Just layer each of the ingredients in your mason jar and add the mayo or lemon juice prior to eating otherwise it can make your salad soggy if you add it to the jar.


And if you’re wondering what’s in the cups, it’s actually one of my all time favourite smoothies (I know, I have a lot of those)!

All you need to make this delicious smoothie is 1 cup of frozen strawberries, 1 banana, 1/2 beetroot, 1 1/2 cup of water.

Place it all in a blender and before you can say antioxidants, you’ll have a deliciously thick and creamy berry beet smoothie.



Peas, love and mungbeans





waste not

So as promised, here is a recipe for almond milk.  It’s so ridiculously easy that I’m looking forward to making lots of other nut milks.

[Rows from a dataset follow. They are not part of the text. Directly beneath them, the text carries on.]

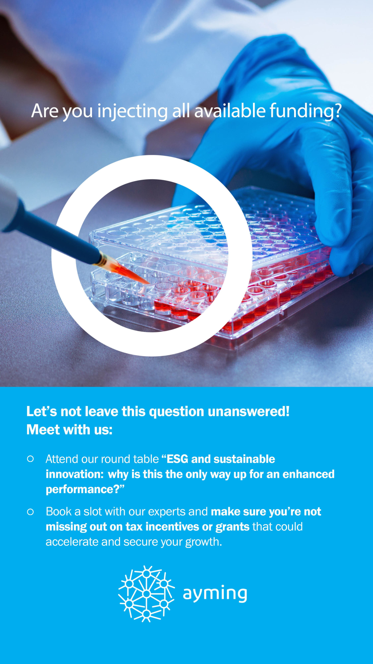 With presence in 15 countries, Ayming teams are able to support biotech companies in their international and local R&D funding strategies and secure their R&D tax credits, innovation income tax deductions -where applies-, but also European, national and regional grants.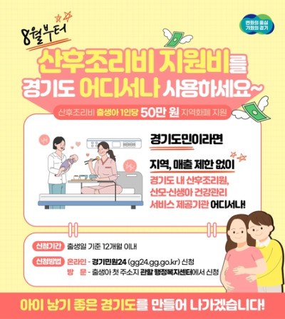 산후조리비 지원비, 8월부터는 경기도 어디서나 사용하세요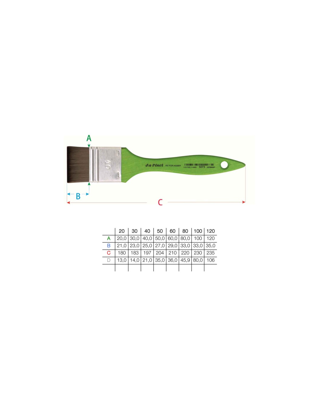 Pennellessa elastica fibra sintetica di colore grigio, ghiere in alluminio senza saldatura, manico verde opaco con una struttura di superficie innovativa.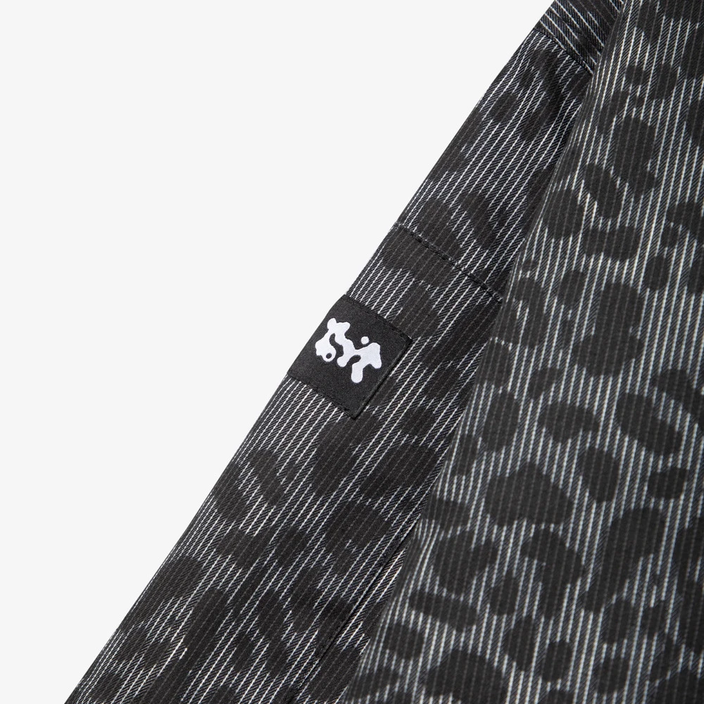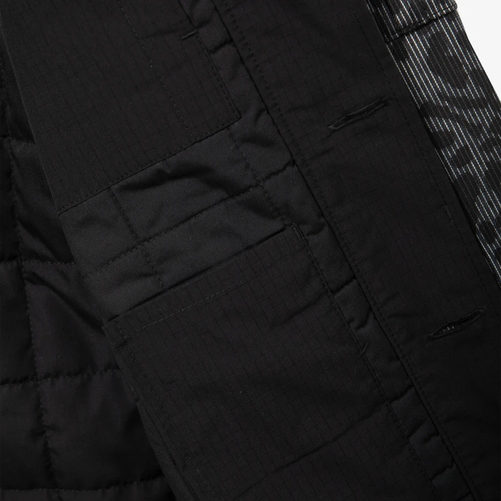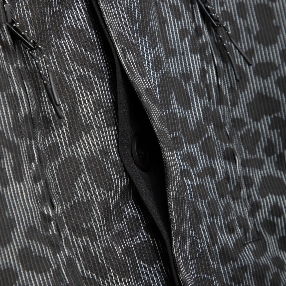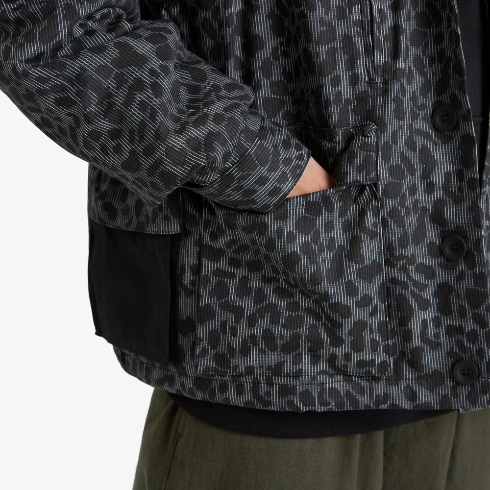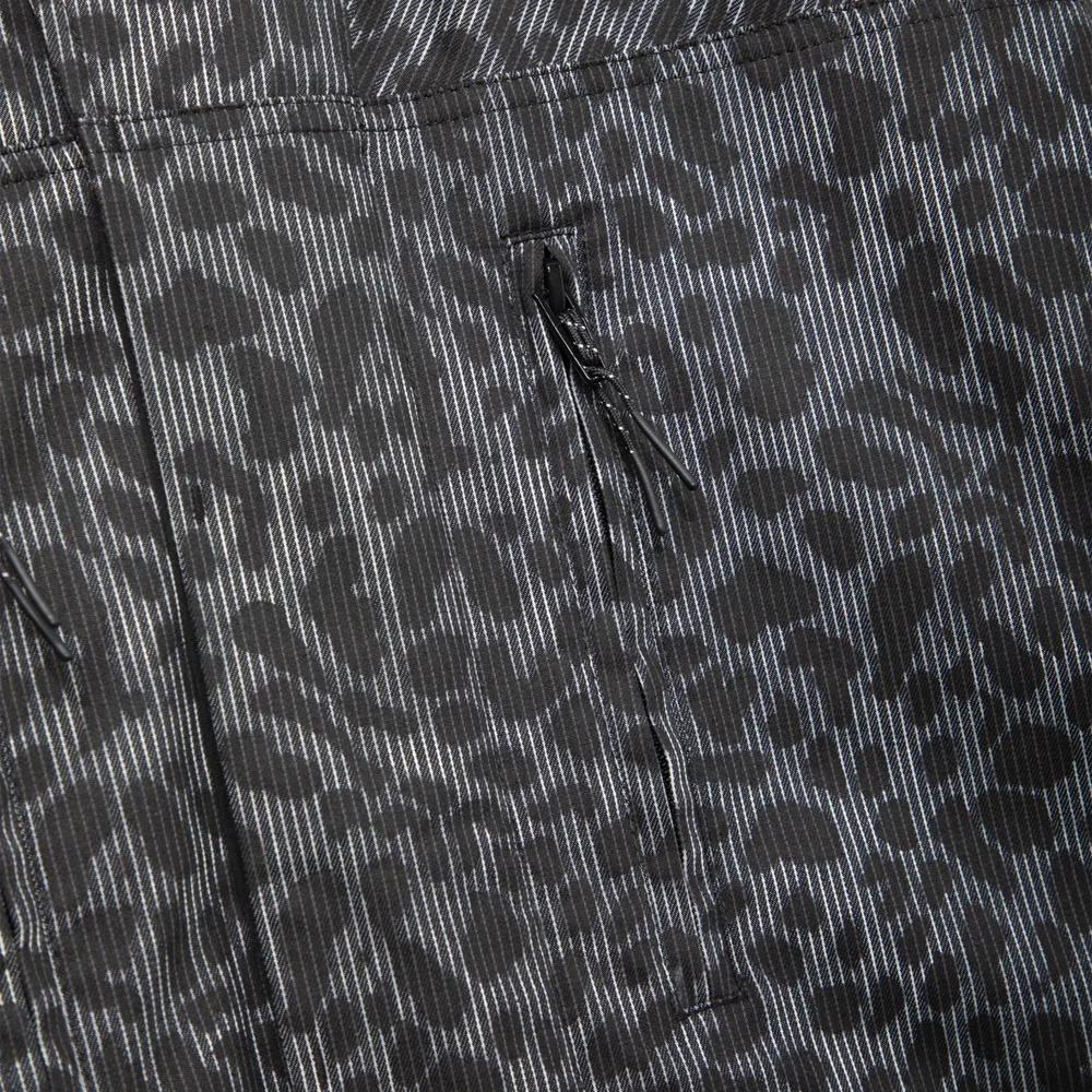 Внешняя сторона куртки сделана из хлопковой ткани с необычным узором, сочетающим в себе вертикальную полоску и леопардовый паттерн.

My first advice is to buy a nut milk bag, they are not very expensive and you should get a lot of use out of it.  I have tried using a clean dish towel before but it does let a lot of the pulp in, making your nut milk thicker, and that’s ok if that’s what you like.
The following recipe is for basic unsweetened almond milk.

Almond milk
makes 2 cups

1 cup raw almonds
2 cups of water

Soak the raw almonds in lots of water for 48 hours.
Once soaked, rinse well and drain.
Place almonds in a powerful blender with 2 cups of clean water (use filtered if possible).
Blend until mixture is super smooth.
Pour mixture into nut milk bag, making sure you have a bowl to catch the nut milk!
Squeeze as much of the liquid out as you can.
Pour prepared milk into a glass bottle with tight fitting lid, it should keep in the fridge for 2 days.

Now at this point, prior to bottling, you can add your flavours.

So normally I would add some organic vanilla extract and a couple of drops of stevia or a date to give it a tiny bit of sweetness.

Was that the easiest thing ever or what?
You can do that to every nut you desire.

So, with delicious fresh almond milk in tow, I decided to make a yummy turmeric almond milk.

Why do I love turmeric so much?
Simple really, turmeric is an overall healing spice.  Apart from being a powerful anti-inflammatory, it also has anti-tumour and anti-microbial properties.
It’s the bright yellow pigment, curcumin, that makes turmeric the pharmacological powerhouse that it is.

Here’s what you need:

Tumeric Almond Milk
Makes 2 cups

Prepared almond milk (as above)
2 pitted medjool dates
1 TBS raw coconut nectar
1 1/2 tsp of ground turmeric
1 tsp ground cinnamon
1/4 tsp ground ginger
1/8 tsp of cardamon
freshly cracked pepper*

Blend all ingredients together until smooth.
*adding the black pepper means that piperin, the active ingredient in black pepper, increases turmeric absorption, making it up to 2000x more powerful.  Hand me the grinder!!

Whilst you can have the turmeric almond milk cold, it also makes a delicious and nourishing drink when warm.
To keep it raw, I just blended mine again in the vitamix until it warmed up a bit.

So I bet you’re wondering about the almond pulp right?  No, don’t throw it in the bin!  There’s many things that you can do with almond pulp, here’s one of my favourite ways with almond pulp.

Almond Hummus
Makes about 500 mls

Left over almond pulp
1 large zucchini
small handful of baby spinach
1 garlic clove
1 tsp of ground cumin
juice of half a lemon
1/4 cup of water
Himalayan pink salt and freshly ground pepper to taste

Blend all ingredients together in a powerful blender, you will need to scrape the sides down to make sure you get a smooth consistency as it’s quite thick.  Don’t be tempted to add more water, you just need to push the ingredients down with the blender tool to get all the ingredients blended up.
Store in a glass container with a tight fitting lid.  Should keep for about 3 days.


The reason I love this hummus so much is because it still has that delicious smooth consistency and taste but is completely raw.  I’ve tried making raw hummus before using sprouted chickpeas, but it didn’t taste as good as this!

I also use the hummus as a salad dressing, it’s the bomb!